After Phase I trials in the U.S. and Phase 1b trials in Madagascar and Burkina Faso in Africa, Siddiqui said vaccine efficacy trials in schistosome human challenge models in The Netherlands and Uganda (Africa) will begin in 2023. He and PAI are currently working out plans for Phase 2 trials with the Bill & Melinda Gates Foundation, which he expects to be in place by the coming fall.
HEADING FOR THE FINISH LINE
If everything goes according to plan during the Phase 1, Phase 1b, Phase 2 and human challenge models, licensing the vaccine could be accelerated. Siddiqui said that means the vaccine could be ready for distribution through WHO, Gavi (the Vaccine Alliance) and other nonprofits in five to 10 years. The vaccine’s performance during efficacy trials will be a key factor in firming up that timeframe.
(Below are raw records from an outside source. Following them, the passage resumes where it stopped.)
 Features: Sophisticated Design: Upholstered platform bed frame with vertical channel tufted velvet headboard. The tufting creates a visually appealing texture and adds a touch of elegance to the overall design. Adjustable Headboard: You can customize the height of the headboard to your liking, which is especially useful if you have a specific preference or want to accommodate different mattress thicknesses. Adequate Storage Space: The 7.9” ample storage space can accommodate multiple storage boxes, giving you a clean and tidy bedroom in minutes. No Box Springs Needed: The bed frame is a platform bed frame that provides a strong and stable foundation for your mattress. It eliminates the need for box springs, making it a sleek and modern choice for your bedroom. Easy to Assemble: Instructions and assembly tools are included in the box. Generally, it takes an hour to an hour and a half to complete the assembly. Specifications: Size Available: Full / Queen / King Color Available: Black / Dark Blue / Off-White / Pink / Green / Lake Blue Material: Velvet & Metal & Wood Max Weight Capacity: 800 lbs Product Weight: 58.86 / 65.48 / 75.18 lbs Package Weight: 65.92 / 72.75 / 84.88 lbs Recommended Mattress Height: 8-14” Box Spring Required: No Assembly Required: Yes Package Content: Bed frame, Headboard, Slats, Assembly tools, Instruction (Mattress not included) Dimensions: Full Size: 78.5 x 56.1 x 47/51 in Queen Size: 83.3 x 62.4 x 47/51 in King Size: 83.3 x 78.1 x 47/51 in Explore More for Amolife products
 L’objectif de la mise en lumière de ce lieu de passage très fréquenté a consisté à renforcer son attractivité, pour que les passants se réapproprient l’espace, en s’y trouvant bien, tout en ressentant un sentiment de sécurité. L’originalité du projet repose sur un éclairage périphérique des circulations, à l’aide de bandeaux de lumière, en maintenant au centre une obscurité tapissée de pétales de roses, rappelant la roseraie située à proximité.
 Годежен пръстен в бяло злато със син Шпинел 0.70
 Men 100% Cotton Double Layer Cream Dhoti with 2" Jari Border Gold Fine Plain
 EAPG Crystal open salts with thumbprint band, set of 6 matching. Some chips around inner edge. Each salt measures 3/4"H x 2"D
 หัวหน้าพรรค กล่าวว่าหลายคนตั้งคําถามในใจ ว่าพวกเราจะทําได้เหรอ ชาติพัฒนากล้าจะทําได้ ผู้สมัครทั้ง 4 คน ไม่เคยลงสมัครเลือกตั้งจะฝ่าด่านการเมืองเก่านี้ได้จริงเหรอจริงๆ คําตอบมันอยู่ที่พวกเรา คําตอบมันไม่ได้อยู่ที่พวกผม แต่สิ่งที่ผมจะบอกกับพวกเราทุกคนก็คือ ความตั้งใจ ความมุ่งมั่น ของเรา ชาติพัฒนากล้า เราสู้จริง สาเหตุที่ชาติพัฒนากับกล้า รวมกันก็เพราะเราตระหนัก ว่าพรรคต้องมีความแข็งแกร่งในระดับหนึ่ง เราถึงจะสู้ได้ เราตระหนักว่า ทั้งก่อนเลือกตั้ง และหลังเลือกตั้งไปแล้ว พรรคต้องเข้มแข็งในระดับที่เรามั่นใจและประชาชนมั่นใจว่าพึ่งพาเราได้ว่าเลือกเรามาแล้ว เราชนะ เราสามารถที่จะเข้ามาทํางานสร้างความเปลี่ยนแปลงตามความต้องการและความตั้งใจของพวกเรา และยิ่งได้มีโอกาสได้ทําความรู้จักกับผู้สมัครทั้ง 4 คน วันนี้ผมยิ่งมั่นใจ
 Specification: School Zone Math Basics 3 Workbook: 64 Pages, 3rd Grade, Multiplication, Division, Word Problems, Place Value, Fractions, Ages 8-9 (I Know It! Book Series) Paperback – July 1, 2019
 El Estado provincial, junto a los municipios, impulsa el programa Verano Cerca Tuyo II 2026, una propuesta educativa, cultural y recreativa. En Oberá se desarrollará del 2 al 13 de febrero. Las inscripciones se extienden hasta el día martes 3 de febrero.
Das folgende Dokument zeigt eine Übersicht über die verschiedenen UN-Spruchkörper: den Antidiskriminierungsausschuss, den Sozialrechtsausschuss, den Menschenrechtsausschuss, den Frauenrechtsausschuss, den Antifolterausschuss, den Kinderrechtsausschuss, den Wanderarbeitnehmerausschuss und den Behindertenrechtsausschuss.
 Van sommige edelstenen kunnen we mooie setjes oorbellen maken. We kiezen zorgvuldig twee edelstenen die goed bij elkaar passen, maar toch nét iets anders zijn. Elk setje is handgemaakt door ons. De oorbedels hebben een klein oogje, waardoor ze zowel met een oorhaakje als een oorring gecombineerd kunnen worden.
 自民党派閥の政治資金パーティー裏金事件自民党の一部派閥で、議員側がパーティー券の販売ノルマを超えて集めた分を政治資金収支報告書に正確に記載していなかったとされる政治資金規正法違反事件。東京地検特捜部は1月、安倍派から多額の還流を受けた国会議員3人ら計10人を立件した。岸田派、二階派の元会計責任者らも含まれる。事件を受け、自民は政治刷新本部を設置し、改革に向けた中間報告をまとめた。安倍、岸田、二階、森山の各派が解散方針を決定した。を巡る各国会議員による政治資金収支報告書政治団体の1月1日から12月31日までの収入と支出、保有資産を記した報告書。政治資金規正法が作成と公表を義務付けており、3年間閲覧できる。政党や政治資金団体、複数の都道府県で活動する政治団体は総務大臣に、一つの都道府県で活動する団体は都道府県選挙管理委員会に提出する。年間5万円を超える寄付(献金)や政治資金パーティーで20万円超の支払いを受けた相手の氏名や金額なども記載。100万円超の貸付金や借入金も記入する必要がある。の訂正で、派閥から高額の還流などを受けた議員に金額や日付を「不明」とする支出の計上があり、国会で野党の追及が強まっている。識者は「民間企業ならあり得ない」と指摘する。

“It's a long process; it takes decades to find out the effect of the vaccine in these kinds of situations because we're talking about places like Africa [where] you not only have this disease, but you have so many others,” Siddiqui said. “You see those kids with bulging bellies; they are carrying not only one, but several parasites. We are trying to fix one, but there are others, so unless you fix all of the other parasites with vaccines or some other approach, we wouldn't know the real impact. But we are getting into this process where, little by little, we're trying to eliminate these diseases as we get more resources to gain more knowledge.”